Dat was sedert de tachtiger jaren aangescherpt wegens de talloze politiek gemotiveerde luchtvaartkapingen en aanslagen tegen vliegtuigen in volle vlucht. Er ging nu een onderzoek van start dat vrij lang kon duren. De documentloze werkte nooit mee, wist vaak dat hij de tussenkomst van de burgerlijke rechter kon inroepen wanneer hij in Nederland was en wisselde doorlopend van identiteit en vluchtverhaal. Bedenk: ook Hirschi Ali deed dat, beriep er zich later op dat ze dat mocht doen volgens niet nader gedefinieerd humanitair recht dat haar zulks waarborgde en werd daarin door pressiegroepen onmiddellijk gesteund, officieel door politieke partijen bijgevallen en van raad en zelfs daad gediend.
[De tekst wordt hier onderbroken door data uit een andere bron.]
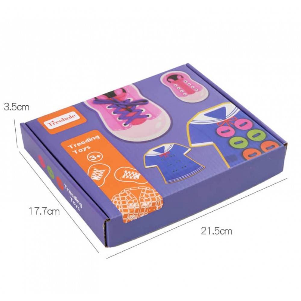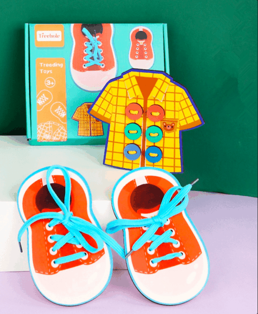Procedura de legare a sireturilor si cea de cusut au nevoie de timp si concentrare pentru a fi deprinse si finalizate, cu snurul intarit in varf si nasturii colorati, contribuind astfel la îmbunatatirea rabdarii si a perseverentei copiilor.
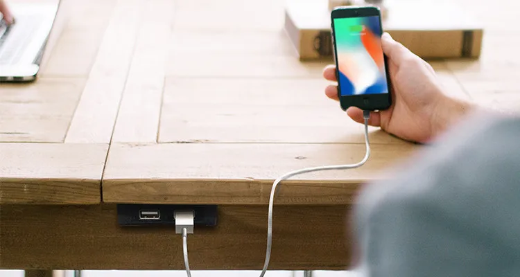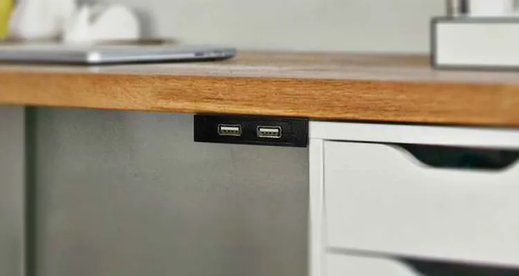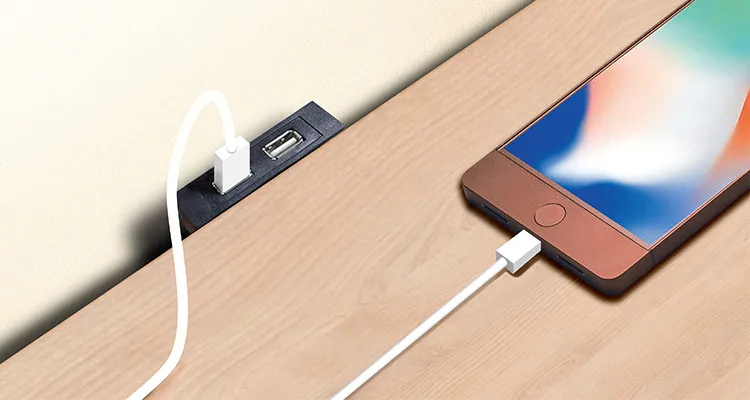 mounted underneath the front edge of the furniture, making charging easily accessible and keeping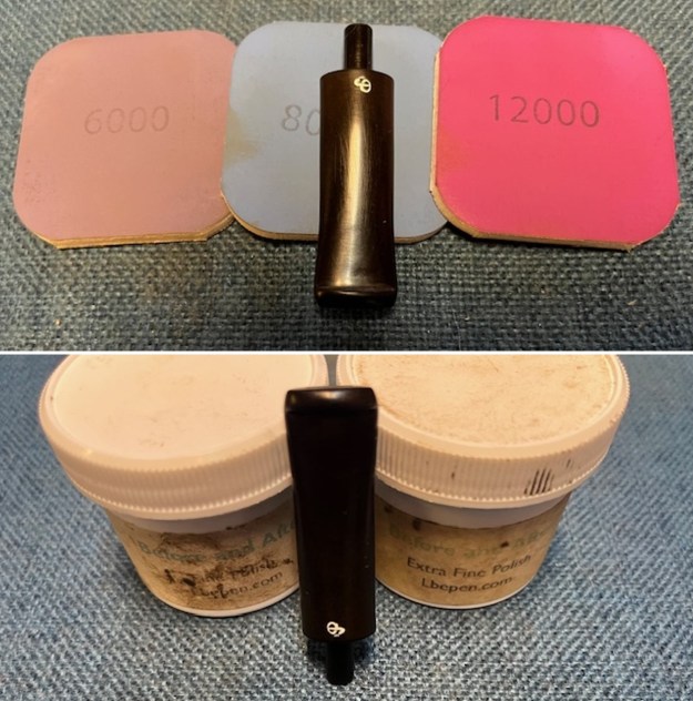 I sanded the stem with 320-3500 grit sandpaper to further blend in the repairs on the surface. I wiped the stem down with an Obsidian Oil cloth after each sanding pad. It began to look very good.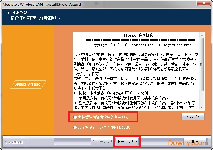 2、选择接受许可协议,点击下一步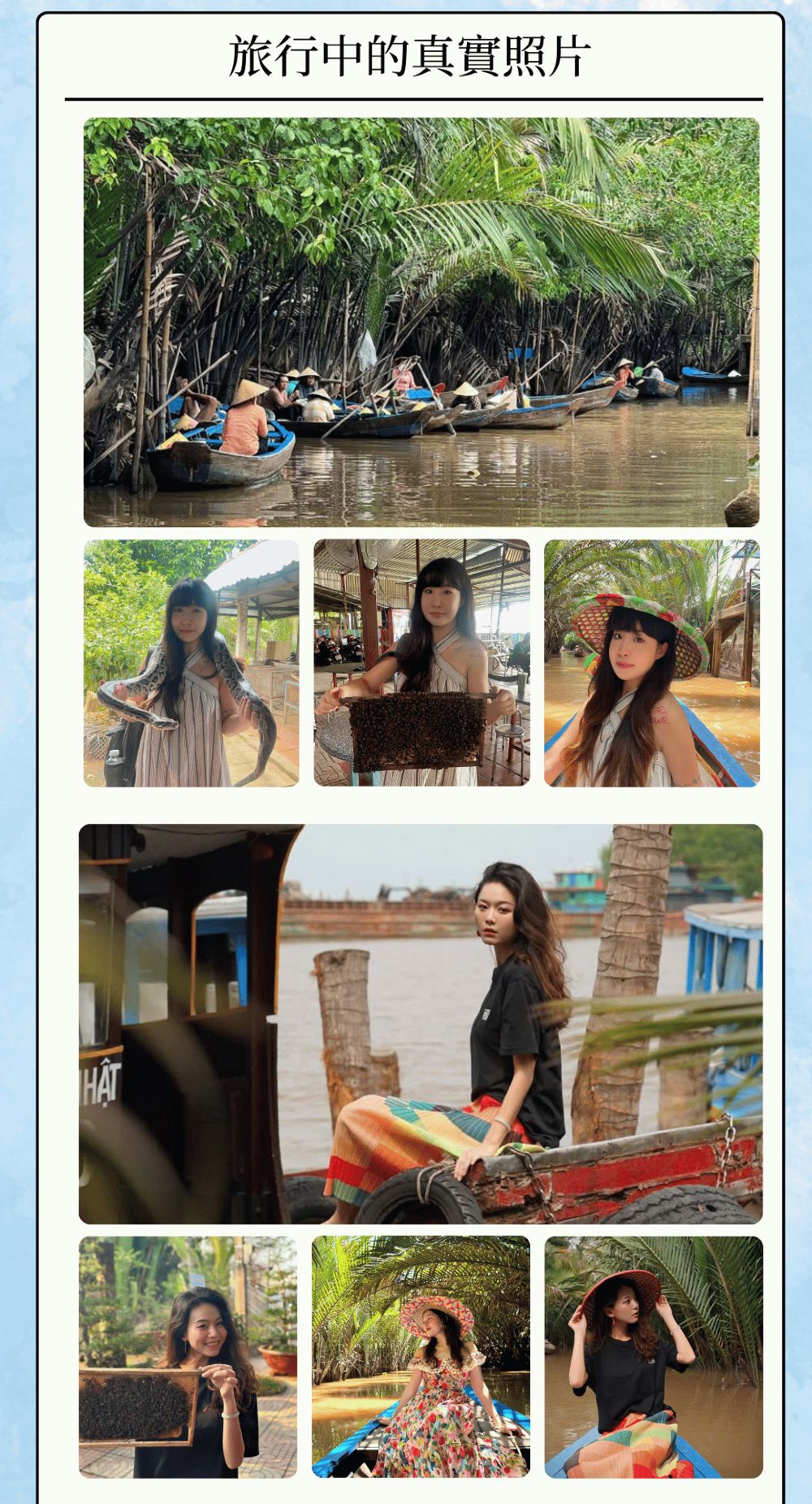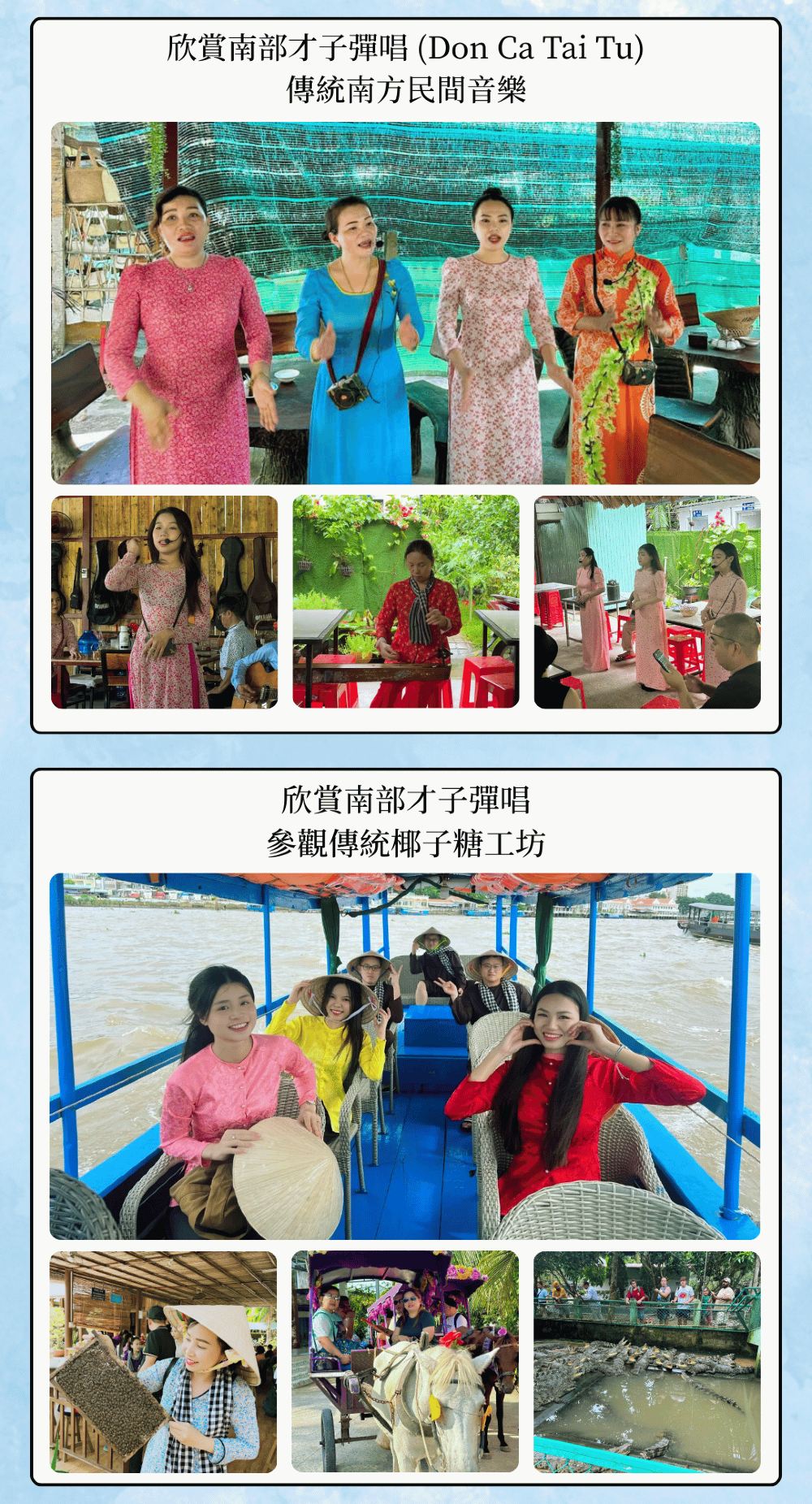 旅程中,您將乘坐傳統木船穿行在椰林水道之間,參觀當地家庭作坊,了解椰糖製作過程、欣賞越南傳統音樂表演,並可品嚐當地特色水果和茶點。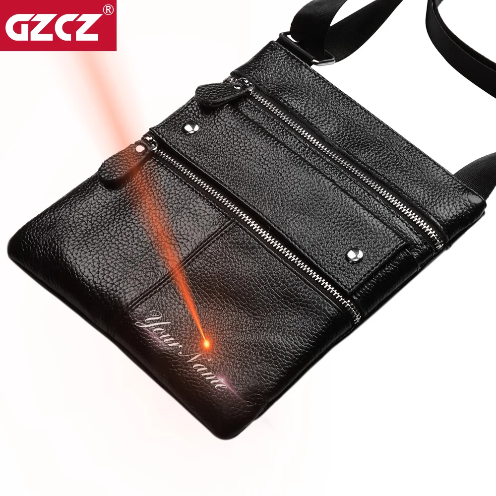 Кожаная мужская сумка GZCZ известного бренда, Повседневная Деловая мужская сумка-мессенджер, Высококачественная сумка через плечо на молнии, мужские сумки для Ipad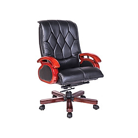 Mua tại TiktokGhế cao cấp bọc da thật tại phần tiếp xúc trực tiếp với nguời sử dụng. - Tựa nhiều đường may trang trí, có nẹp gỗ bên cạnh, tay ghế gỗ. - Ghế có chức năng điều chỉnh độ cao và ngả của ghế. - Chân xoay có bánh xe, có thể di chuyển.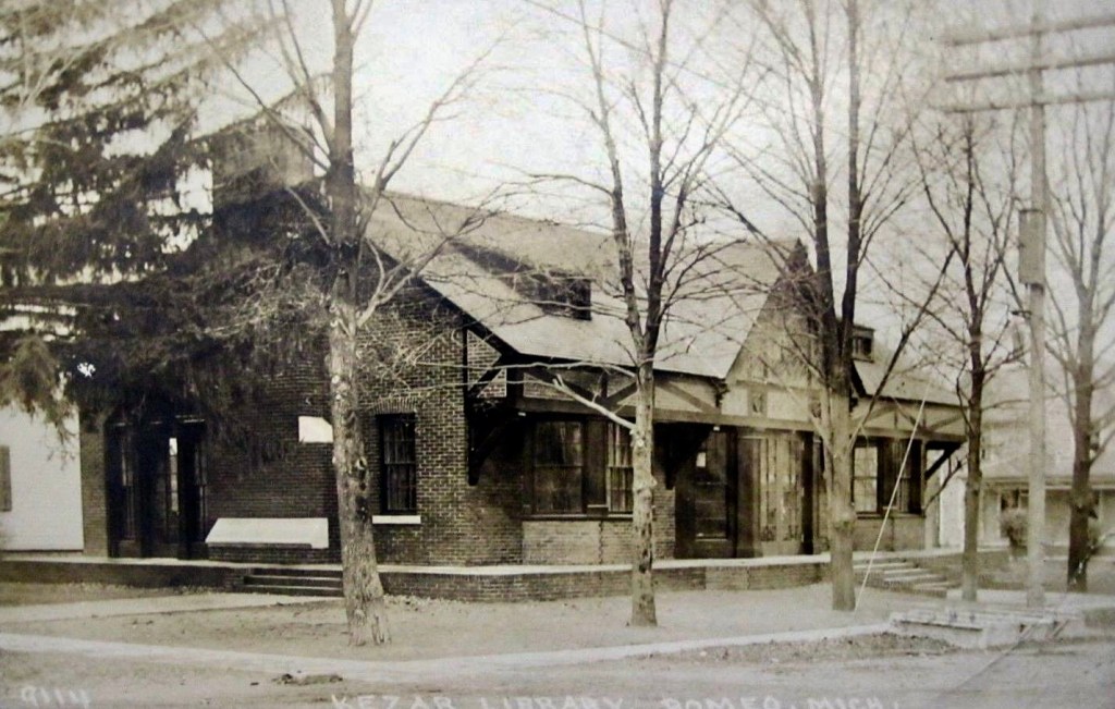 Samuel and Nancy Kezar, from Turner, New York lived in a Queen Anne style home on Church Street in Romeo, that they built in 1894. Samuel passed away in Romeo in 1898. The Kezar home at 180 Church Street is where the Romeo Public Library, Romeo Book Club and the Romeo Monday Club would organize in 1900 and run through 1908. Nancy and her daughter Mary eventually moved to San Francisco, where Mrs. Kezar would come into an inheritance and remember their time in Romeo. They came up with a plan through their agent to give a library building to the village of Romeo.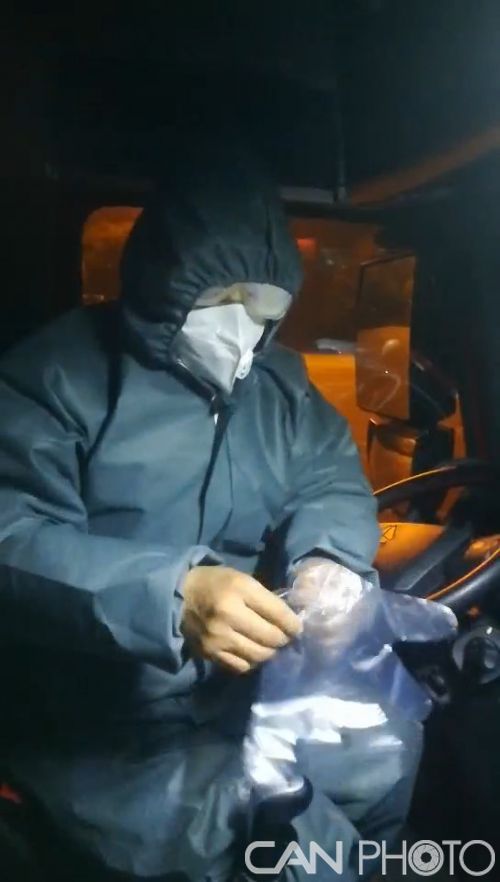 直到夜里22点才卸完货,在这14个小时内,杨春良、鲁邦春一直呆在车厢里,车窗仅留了一道缝隙进行通风,简简单单吃了点干粮,“水不敢多喝,怕喝多了上厕所。”两人隔着车窗看着现场的施工情况,每隔一个小时就拍一段视频发给公司和家人,告诉他们一切正常。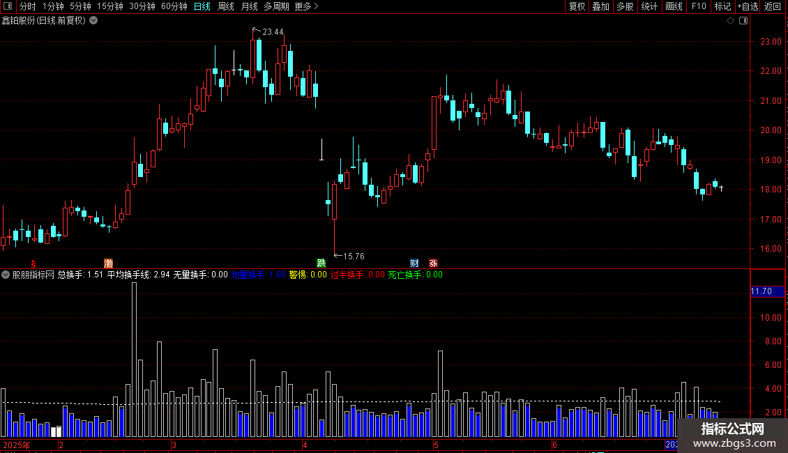 神渔又经过和个股流通盘的反复对比,总结共性,把对个股换手率的技术感悟糅合换手率的共性,精心研发出【神渔换手率】指标,以供朋友们研究换手率之用。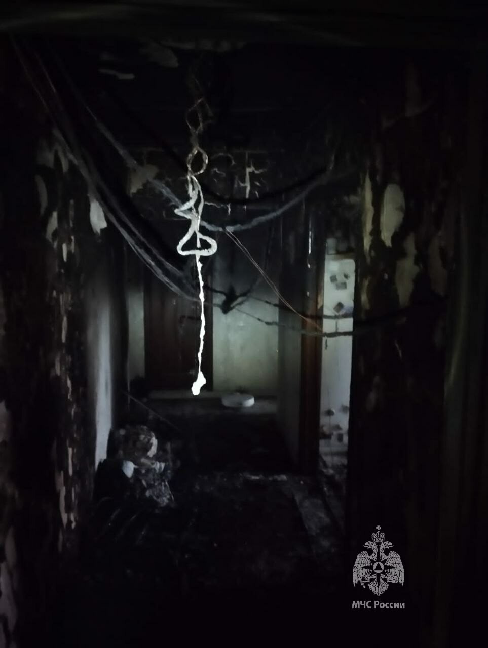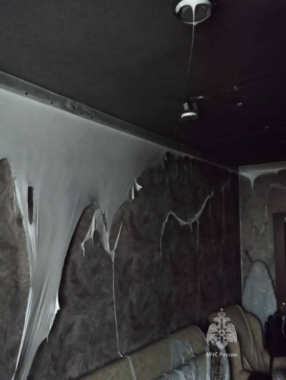 По предварительным данным, в коридоре квартиры на 8-м этаже загорелся подвесной потолок, горящий расплавленный пластик потек на вещи в комнате.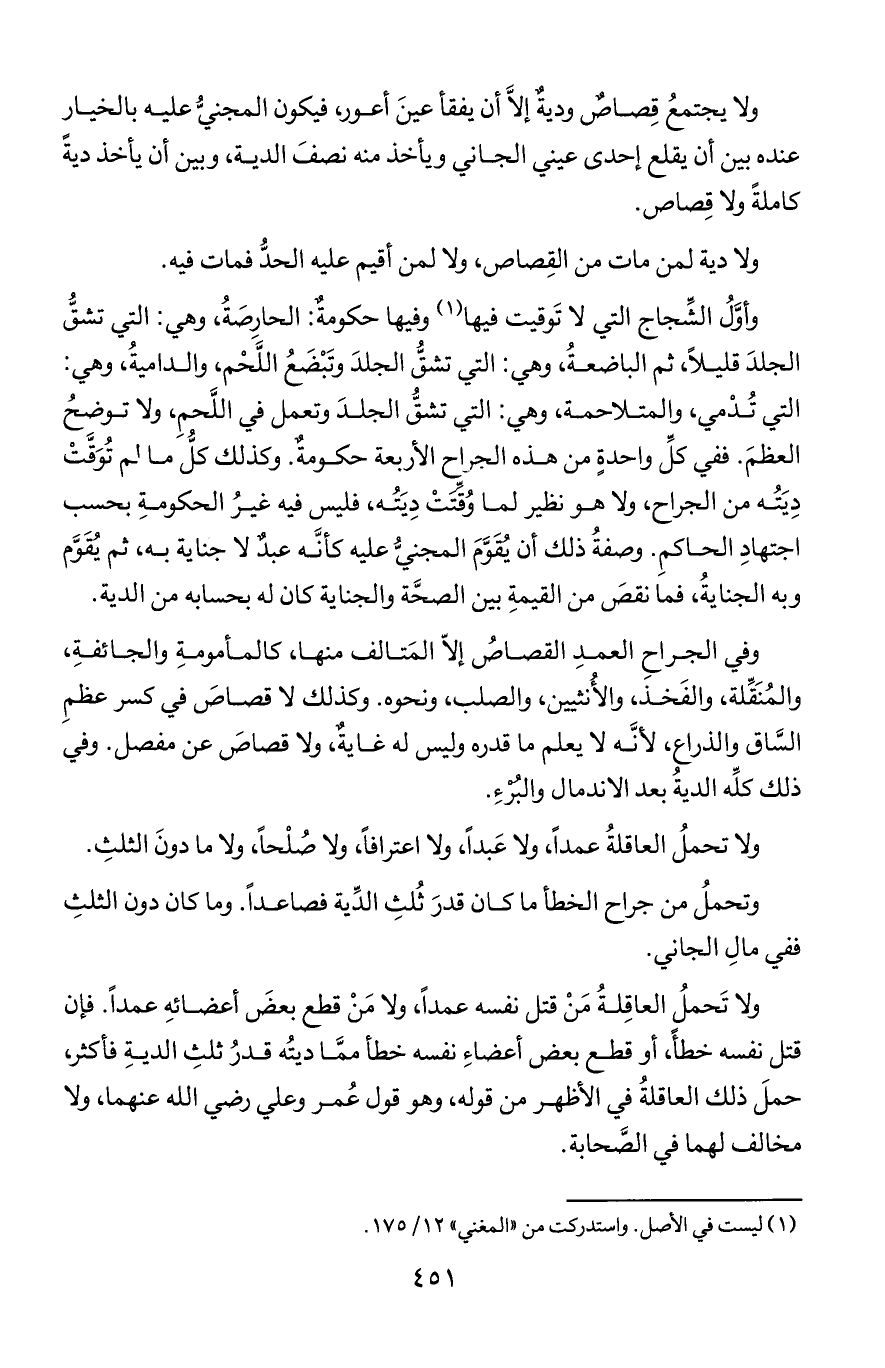 وفي الجراح العمد القصاص إلا المتالف منها, كالمأمومة والجائفة, والمنقلة, والفخذ, والأنثيين, والصلب, ونحوه. وكذلك لا قصاص في كسر عظم الساق والذراع, لأنه لا يعلم ما قدره وليس له غاية, ولا قصاص عن مفصل. وفي ذلك كله الدية بعد الاندمال والبرء.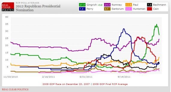 At the very least this means that the negative campaigning is likely to continue right through the end of the year, because by all measures it’s been working. Of course, it’s worth noting that national polling doesn’t mean as much as state polling at this point, but it does give us an idea of where the momentum is, and right now Newt Gingrich has downward momentum while Mitt Romey is moving up: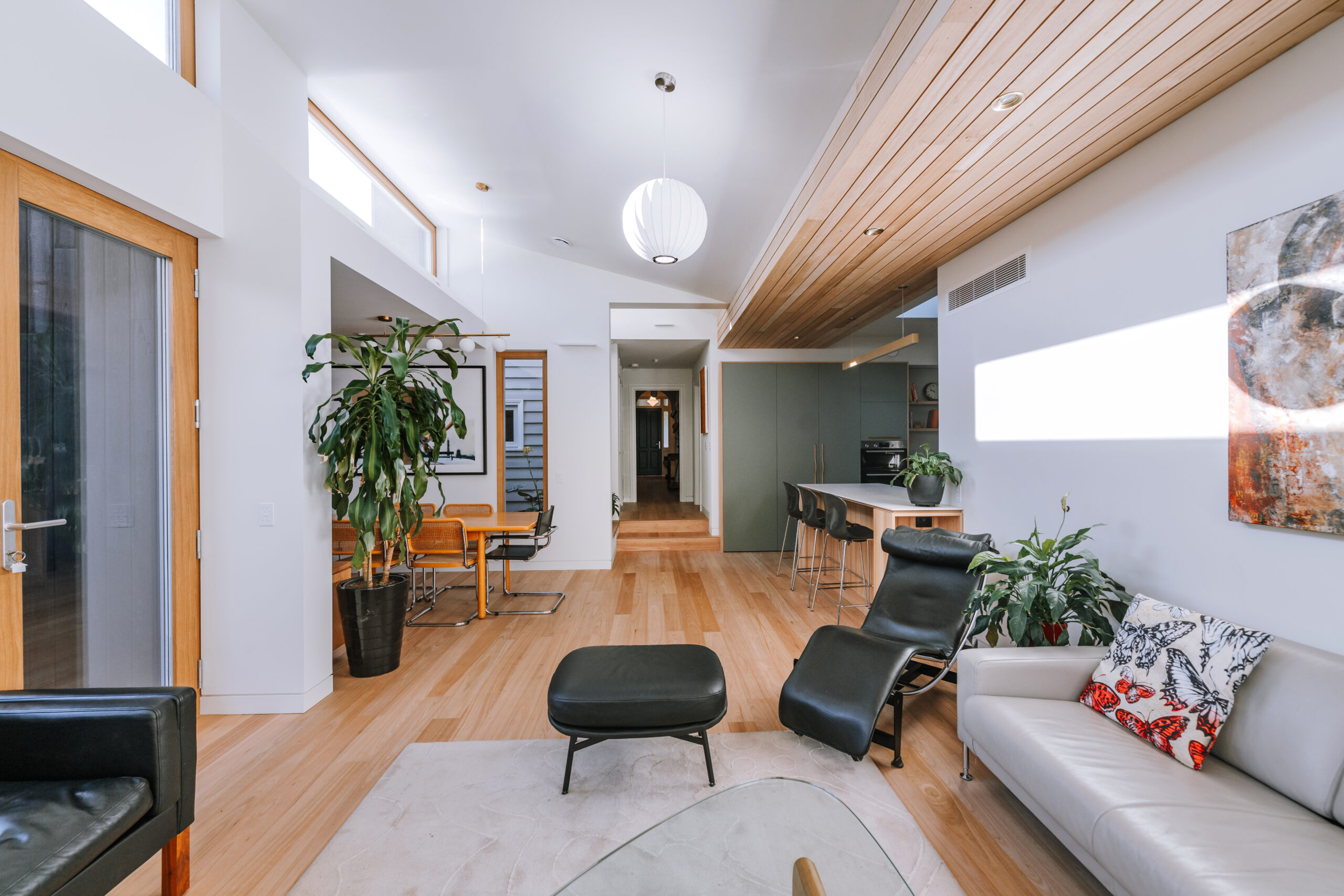 Timber/alu windows are triple glazed with openable clerestory windows for night purging. Living areas are designed to capture winter sun and exclude summer sun. Natural light has been maximised and all rooms have access to nature. A mature Silver Birch has been saved to shade the west elevation and an existing green wall on the north boundary has been salvaged to enhance the views from the north facing windows.

Zo iemand, hoezeer ook technisch illegaal bleef dus maanden “in procedure”. Eerst bij de Dienst, later bij de burgerlijke rechter. Al die tijd verbleef betrokkene in Nederland met behulp van de overheid, die ook verder meewerkte aan de omzetting van tijdelijk afgegeven identiteitskaarten die recht gaven op deelname aan onderwijs, integratietrajecten, collectieve voorzieningen en subsidies zoals beurzen, huurvergoedingen, inschrijving in zorgtrajecten en cursussen, zelfs die van Cursorisch Landbouwonderwijs. De rechter besloot dan uiteindelijk: deze persoon moet gelden als “toegelaten” en moet juridisch gelijk gesteld worden met een rechtmatig ingezetene voor een duur van méér dan drie maanden.

Aanzienlijk meer. Het feit dat de overheid de inreis had aanvaard, deze verder had begunstigd en doen resulteren in een zwevende status, soms zelfs sterker dan die van de officiële verblijfsvergunning anticipeerde op de beoogde onherroepelijke toelating, de instemming van de overheid met het feit van het verblijf voortgezet langer dan drie maanden. Dat feit sprak zich rond en werd onderdeel van de expertise van de smokkelaars die wijzigingen in de Vreemdelingencirculaire eerder kenden dan de beambten of agenten van de Dienst Vreemdelingenzaken.